* RECORD SET
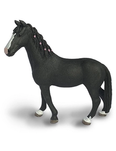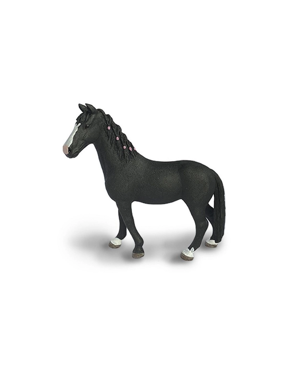 La jument est représentée avec une crinière tressée, ajoutant une touche de réalisme et de soin du détail. La robe noire, minutieusement peinte à la main, montre une teinte uniforme et riche, reflétant fidèlement les caractéristiques de la race.
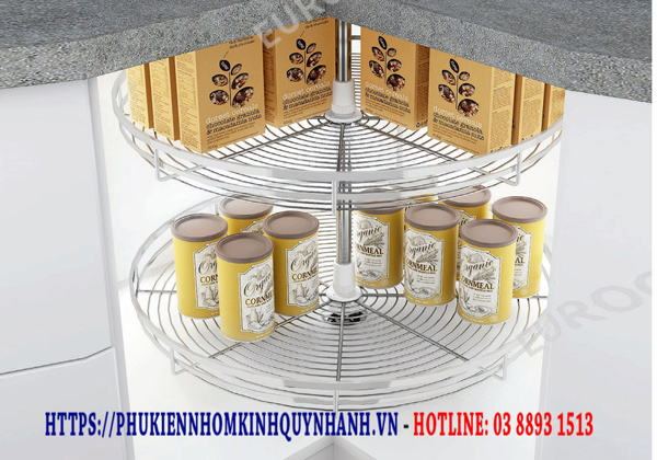 Sản phẩm được thiết kế thông minh với 2 tầng mâm rộng rãi, giúp người dùng lưu trữ được nhiều vật dụng như xoong nồi, bát đĩa, hộp gia vị hay thớt. Từng tầng mâm có thể xoay độc lập, cho phép bạn dễ dàng lấy đồ dùng dù ở góc khuất của tủ bếp.
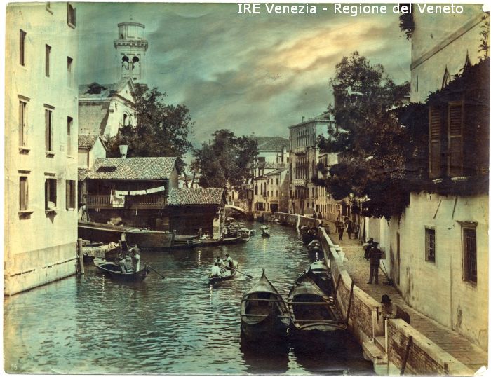 Venezia - Vedute, monumenti, luoghi - Centro storico - Canali e Rii - Dorsoduro - Rio di S. Trovaso o delle Maravege - Squero di S. Trovaso - Persone - Pittori che dipingono vedute - Barche - Uomini che remano
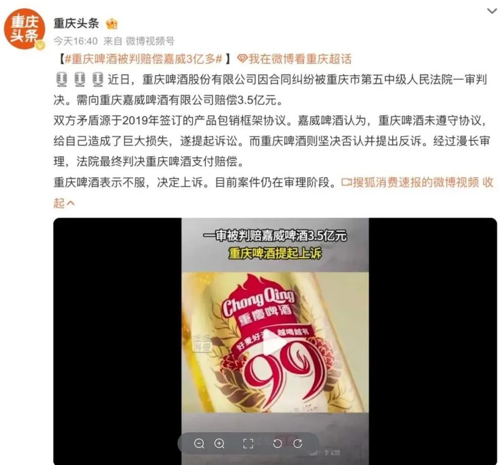 近日,重庆高院一纸判决撕开啤酒江湖的暗疮——重庆啤酒因违反16年前签订的《包销协议》,被判向代工厂嘉威赔偿3.5亿元。
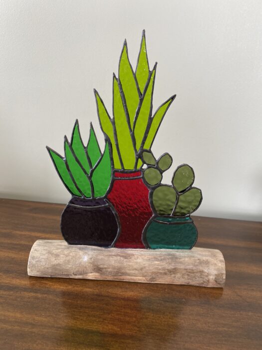 Stained Glass Panel of Three Cacti & Aloe in Clay Pots Inlaid on Driftwood Base – Purple/Red/Aqua
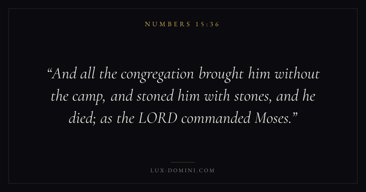 And all the congregation brought him without the camp, and stoned him with stones, and he died; as the LORD commanded Moses.
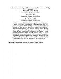 This study analyzed what predicted students’ postsecondary aspirations in a sample of 5258 high school students. Variables explored were GPA, gender, race/ethnicity, FRPL eligibility, parent’s education, and student ratings on the importance and occurrence of behaviors associated with a model…
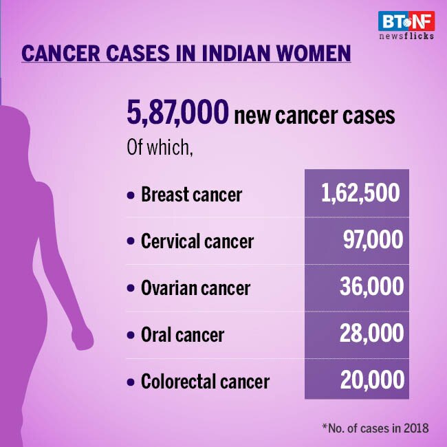 Of the 5,87,000 new cancer cases among Indian women in 2018, breast cancer (1,62,500), cervical cancer (97,000), ovarian cancer (36,000), oral cancer (28,000), and colorectal cancer (20,000) account for 60% of the cases.
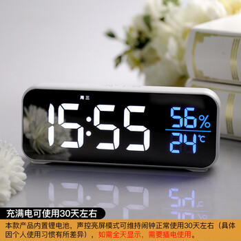 汉时(Hense)充电闹钟时尚简约电子钟学生多功能闹表个性座钟HA820白色开学季
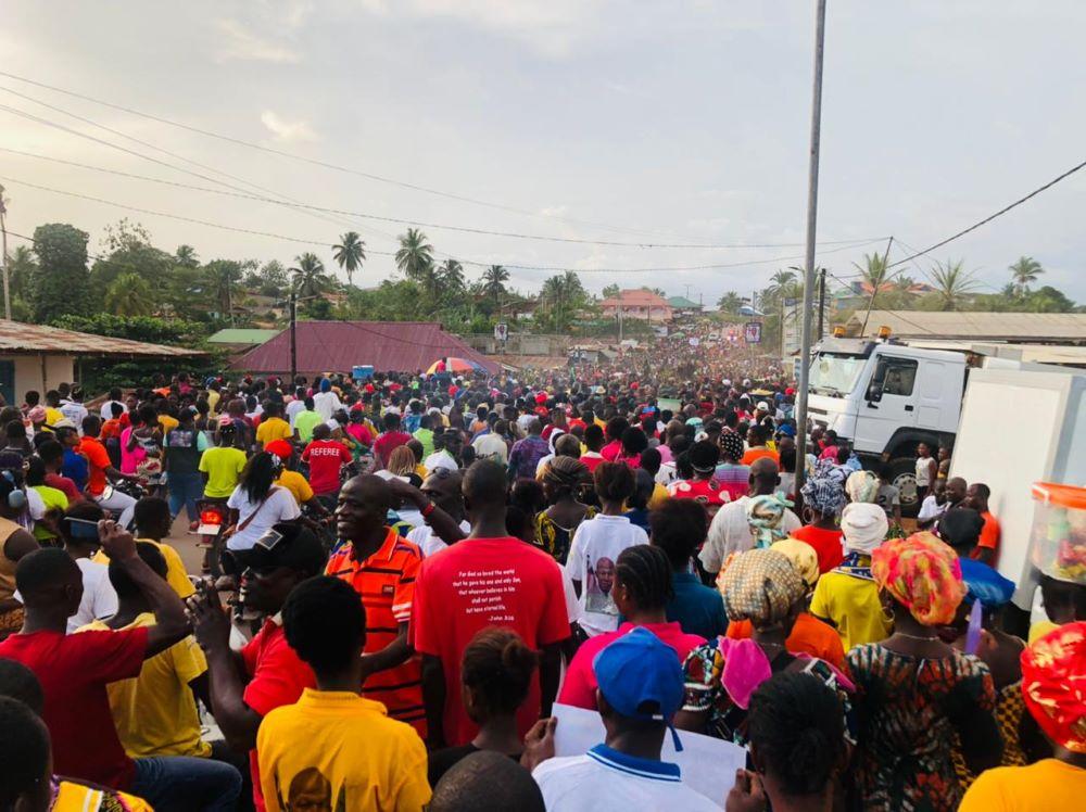 Thousands of Liberians loyal to the re-election bids of Dr. Chambers and Liberian President, George Weah, stormed the principal street to welcome him.
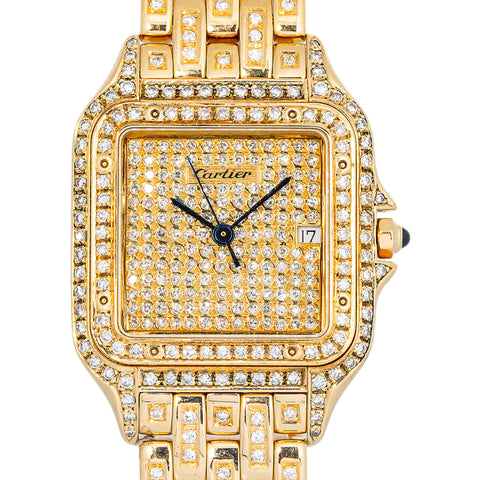 Cartier Panthere Aftermarket Diamond Setting 18k YG Quartz Women's Watch 29MM

* DIRECTIONS FOR THIS TASK
Without the pictures, write out all of the material exactly.

* ANSWER TO THIS PROBLEM
 La jument est représentée avec une crinière tressée, ajoutant une touche de réalisme et de soin du détail. La robe noire, minutieusement peinte à la main, montre une teinte uniforme et riche, reflétant fidèlement les caractéristiques de la race.
 Sản phẩm được thiết kế thông minh với 2 tầng mâm rộng rãi, giúp người dùng lưu trữ được nhiều vật dụng như xoong nồi, bát đĩa, hộp gia vị hay thớt. Từng tầng mâm có thể xoay độc lập, cho phép bạn dễ dàng lấy đồ dùng dù ở góc khuất của tủ bếp.
 Venezia - Vedute, monumenti, luoghi - Centro storico - Canali e Rii - Dorsoduro - Rio di S. Trovaso o delle Maravege - Squero di S. Trovaso - Persone - Pittori che dipingono vedute - Barche - Uomini che remano
 近日,重庆高院一纸判决撕开啤酒江湖的暗疮——重庆啤酒因违反16年前签订的《包销协议》,被判向代工厂嘉威赔偿3.5亿元。
 Stained Glass Panel of Three Cacti & Aloe in Clay Pots Inlaid on Driftwood Base – Purple/Red/Aqua
 And all the congregation brought him without the camp, and stoned him with stones, and he died; as the LORD commanded Moses.
 This study analyzed what predicted students’ postsecondary aspirations in a sample of 5258 high school students. Variables explored were GPA, gender, race/ethnicity, FRPL eligibility, parent’s education, and student ratings on the importance and occurrence of behaviors associated with a model…
 Of the 5,87,000 new cancer cases among Indian women in 2018, breast cancer (1,62,500), cervical cancer (97,000), ovarian cancer (36,000), oral cancer (28,000), and colorectal cancer (20,000) account for 60% of the cases.
 汉时(Hense)充电闹钟时尚简约电子钟学生多功能闹表个性座钟HA820白色开学季
 Thousands of Liberians loyal to the re-election bids of Dr. Chambers and Liberian President, George Weah, stormed the principal street to welcome him.
 Cartier Panthere Aftermarket Diamond Setting 18k YG Quartz Women's Watch 29MM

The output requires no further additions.